● EXERCISE INSTRUCTIONS
Lines from the one with "拭漆職人の我戸宣夫さんは、我" up to and including the one with "Feed adult cats" are to be copied exactly from the records below, without their pictures.

(Data entries)

▼

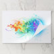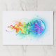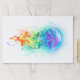 Grandes medusas de azulejo brillantes, de dibujos artísticos, con largos tentáculos en blanco, pintadas con fondo multicolor de acuarela. Mariscas arcoiris.
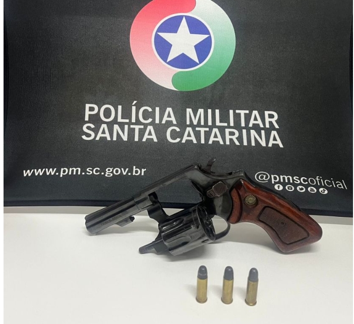 Segundo a mulher, por medo, ela escondeu a arma em outro cômodo da casa. Com autorização, os policiais entraram no imóvel e localizaram um revólver calibre .32, com numeração suprimida, municiado com três munições intactas, escondido debaixo de uma cama.
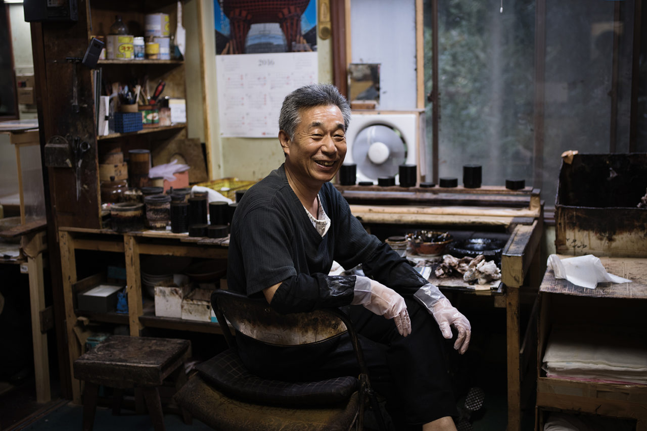 拭漆職人の我戸宣夫さんは、我戸幹男商店の三代目。父であり二代目の幹男さんの「漆器はなくならん」という言葉に後押しされ、家業を継ぐことを決意した。
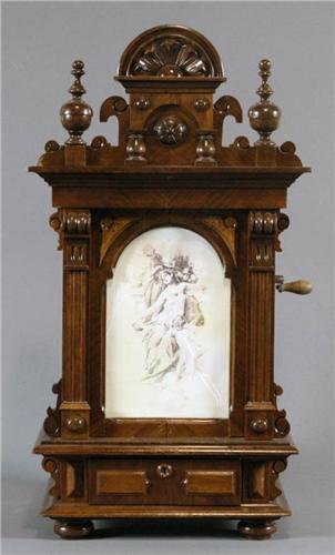 SYMPHONIAN "MUSIK AUTOMAT" UPRIGHT DISK MUSIC BOX 11 3/4" disks 32 1/2" hgih overall circa 1895, excellent, but we can not guarantee any mechanical antiques to be working after shipping.
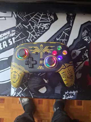 Mando Pro Controller para Nintendo Switch con un diseño inspirado en The Legend of Zelda. Presenta detalles dorados y luces LED. - Diseño temático de Zelda. - Luces LED en los joysticks y botones.
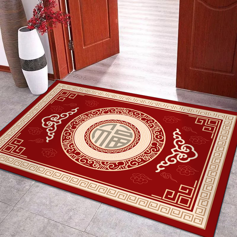 中国古典風玄関マット、汚れに強くお手入れ簡単、玄関ドア用滑り止めクリスタルベルベット、滑り止め・耐摩耗性
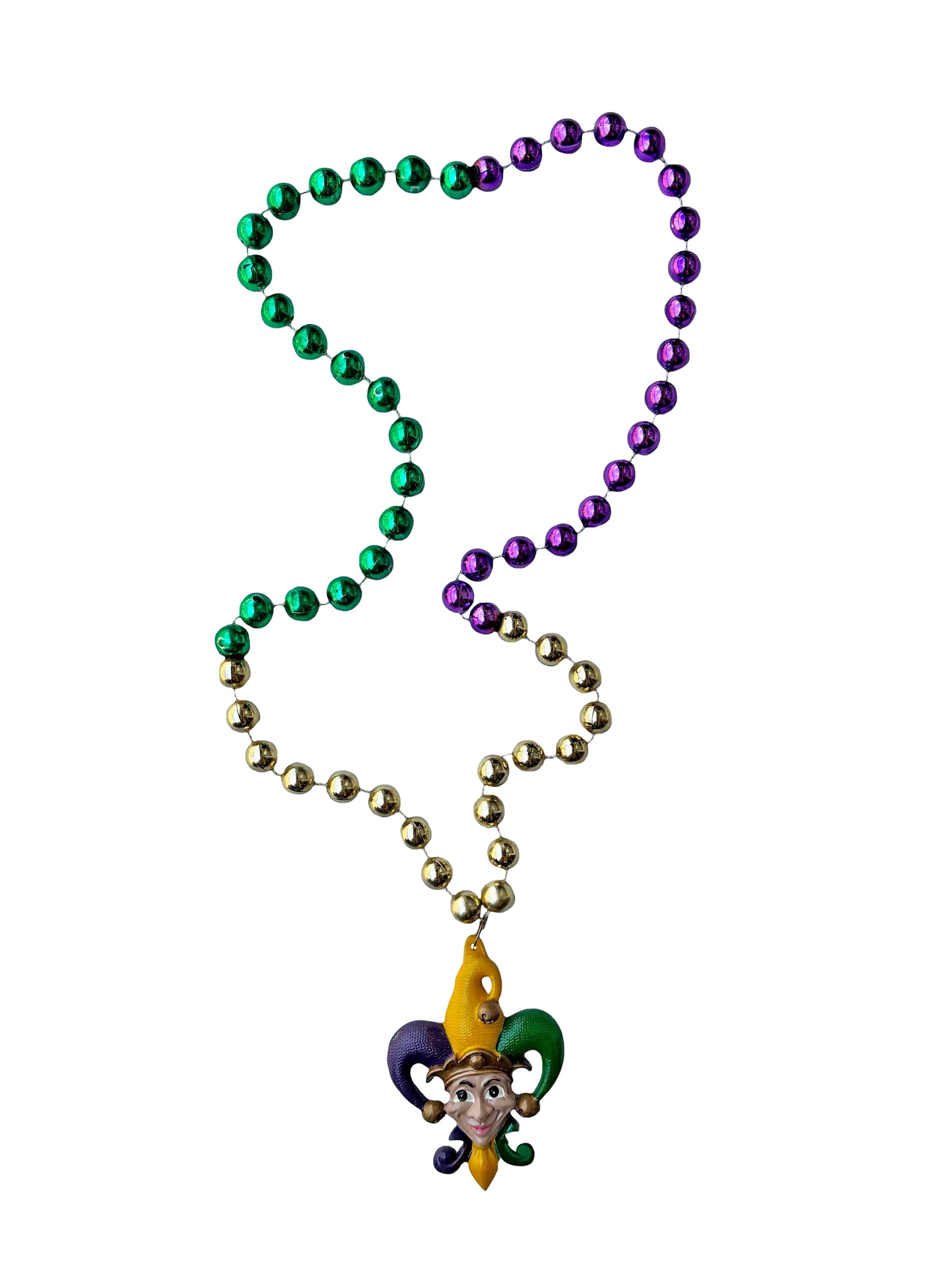 Dazzle the crowds with our Smiling Mardi Gras Jester specialty bead! This eye-catching parade treasure features a cheerful jester charm dangling from a strand of purple, green, and gold beads – the traditional colors of Mardi Gras revelry. Perfect for catching attention on the parade route or adding a touch of carnival spirit to your celebration.
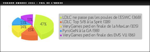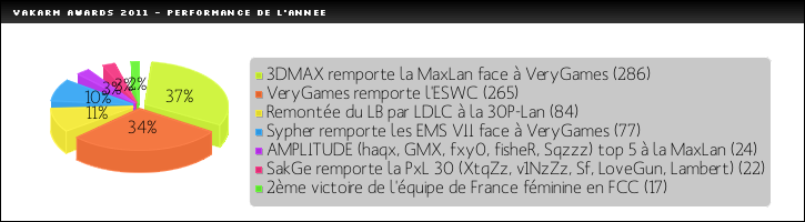 L'attribution de la meilleure performance a été plus indécise avec un réel combat entre 3DMAX à la MaxLan et VeryGames à l'ESWC. C'est finalement la première équipe qui s'impose, sans doute à cause de ce résultat plutôt inattendu à la base. VeryGames aurait toutefois certainement mérité un autre sort pour cet award. Dommage ...
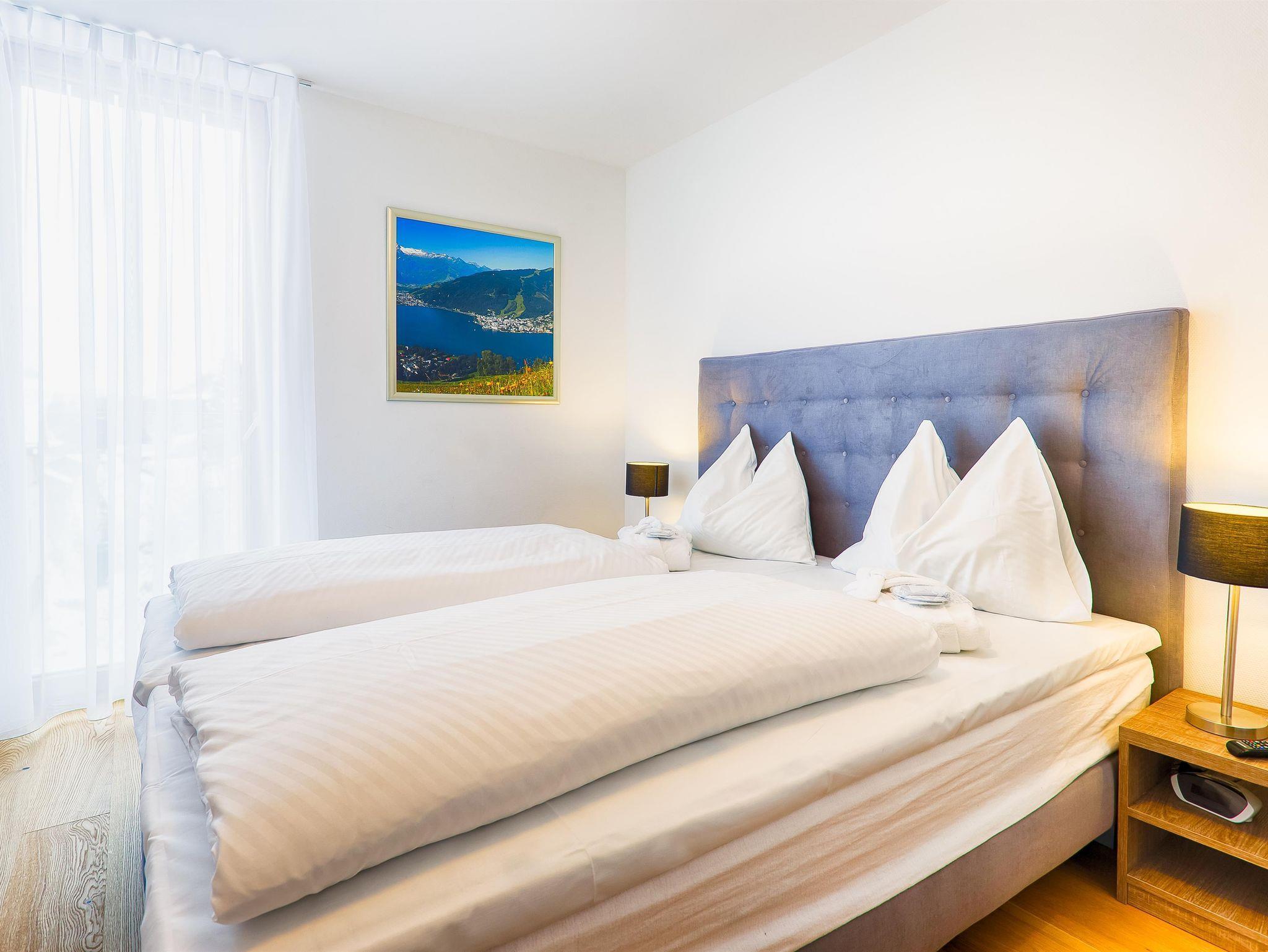 Das Apartment mit drei Schlafzimmern befindet sich auf der fünften Etage der Residence Bellevue. Die Schlafzimmer sind jeweils mit einem Doppelbett ausgestattet. Zusätzlich gibt es ein Badezimmer mit Badewanne / Dusche und WC. Das geräumige Wohnzimmer verfügt über einen großen Esstisch und eine offene Designerküche. Am Balkon eröffnet sich ein atemberaubender Blick auf die Berge und den See.
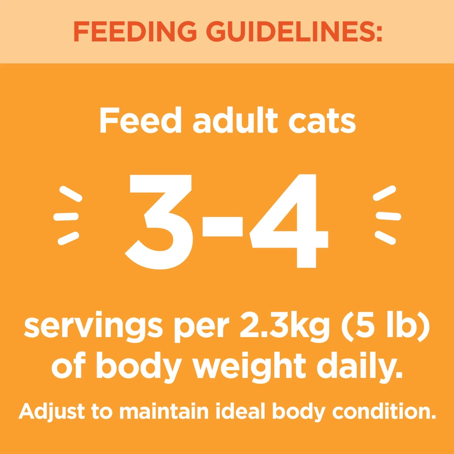Feed adult cats 3-4 servings per 5 pounds of body weight daily. Adjust to maintain ideal body condition.
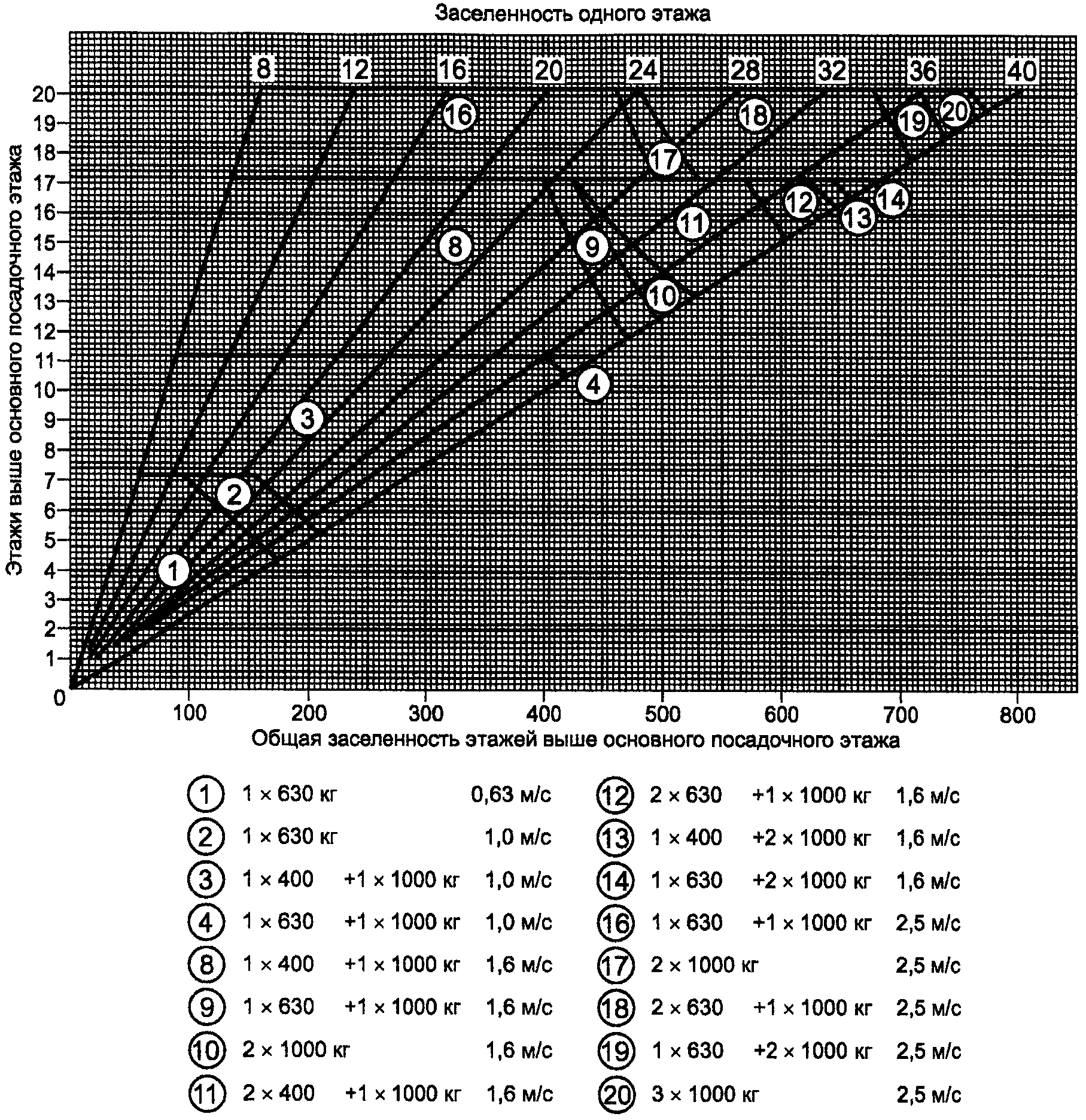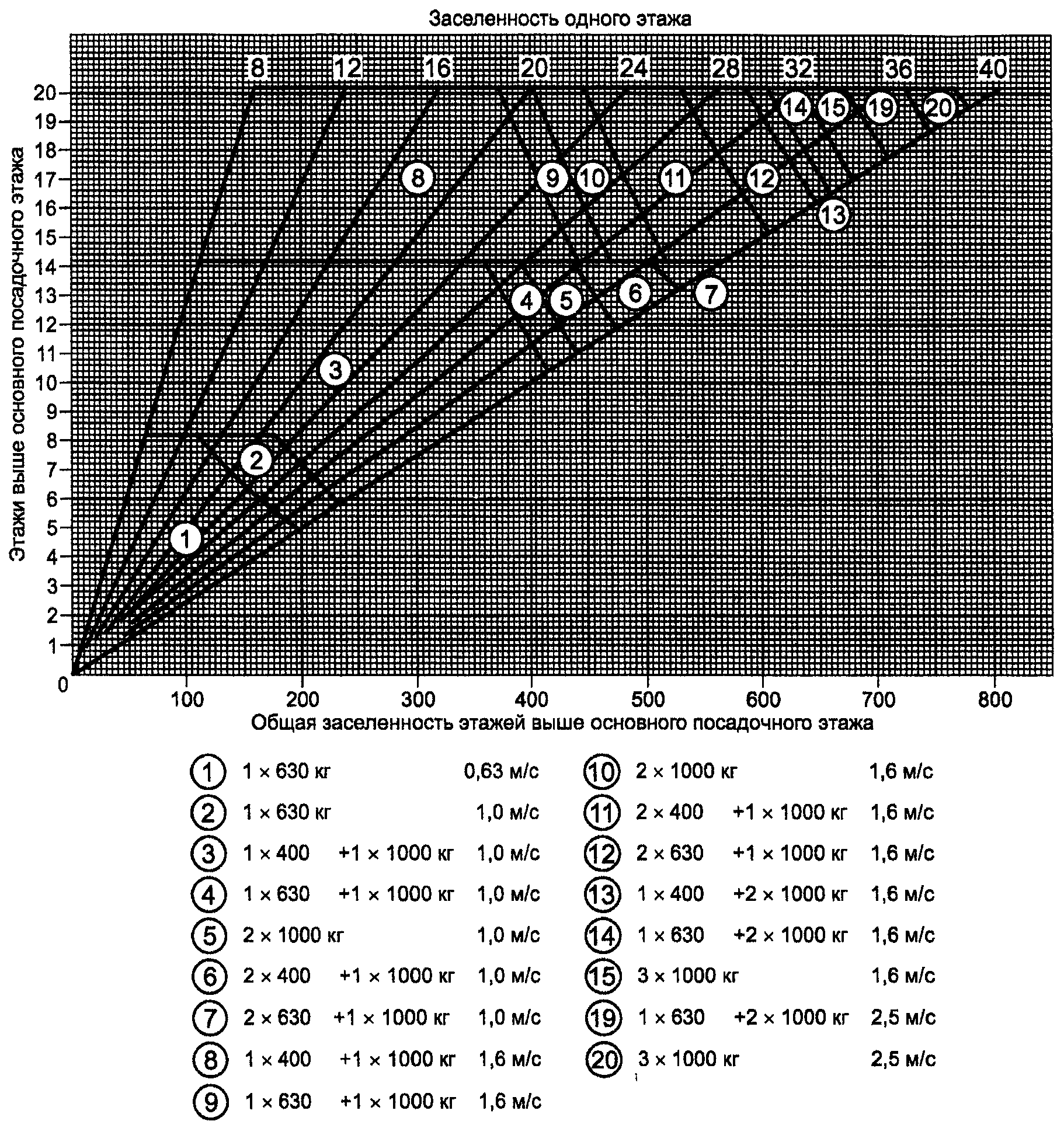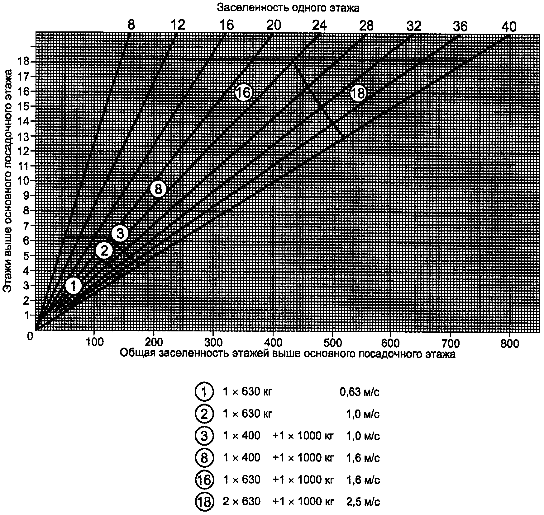 Вариант определения числа и параметров лифтов при помощи диаграмм приведен в Приложении Б.

▲

● RESULT OF THE TASK
 拭漆職人の我戸宣夫さんは、我戸幹男商店の三代目。父であり二代目の幹男さんの「漆器はなくならん」という言葉に後押しされ、家業を継ぐことを決意した。
 SYMPHONIAN "MUSIK AUTOMAT" UPRIGHT DISK MUSIC BOX 11 3/4" disks 32 1/2" hgih overall circa 1895, excellent, but we can not guarantee any mechanical antiques to be working after shipping.
 Mando Pro Controller para Nintendo Switch con un diseño inspirado en The Legend of Zelda. Presenta detalles dorados y luces LED. - Diseño temático de Zelda. - Luces LED en los joysticks y botones.
 中国古典風玄関マット、汚れに強くお手入れ簡単、玄関ドア用滑り止めクリスタルベルベット、滑り止め・耐摩耗性
 Dazzle the crowds with our Smiling Mardi Gras Jester specialty bead! This eye-catching parade treasure features a cheerful jester charm dangling from a strand of purple, green, and gold beads – the traditional colors of Mardi Gras revelry. Perfect for catching attention on the parade route or adding a touch of carnival spirit to your celebration.
 L'attribution de la meilleure performance a été plus indécise avec un réel combat entre 3DMAX à la MaxLan et VeryGames à l'ESWC. C'est finalement la première équipe qui s'impose, sans doute à cause de ce résultat plutôt inattendu à la base. VeryGames aurait toutefois certainement mérité un autre sort pour cet award. Dommage ...
 Das Apartment mit drei Schlafzimmern befindet sich auf der fünften Etage der Residence Bellevue. Die Schlafzimmer sind jeweils mit einem Doppelbett ausgestattet. Zusätzlich gibt es ein Badezimmer mit Badewanne / Dusche und WC. Das geräumige Wohnzimmer verfügt über einen großen Esstisch und eine offene Designerküche. Am Balkon eröffnet sich ein atemberaubender Blick auf die Berge und den See.
Feed adult cats 3-4 servings per 5 pounds of body weight daily. Adjust to maintain ideal body condition.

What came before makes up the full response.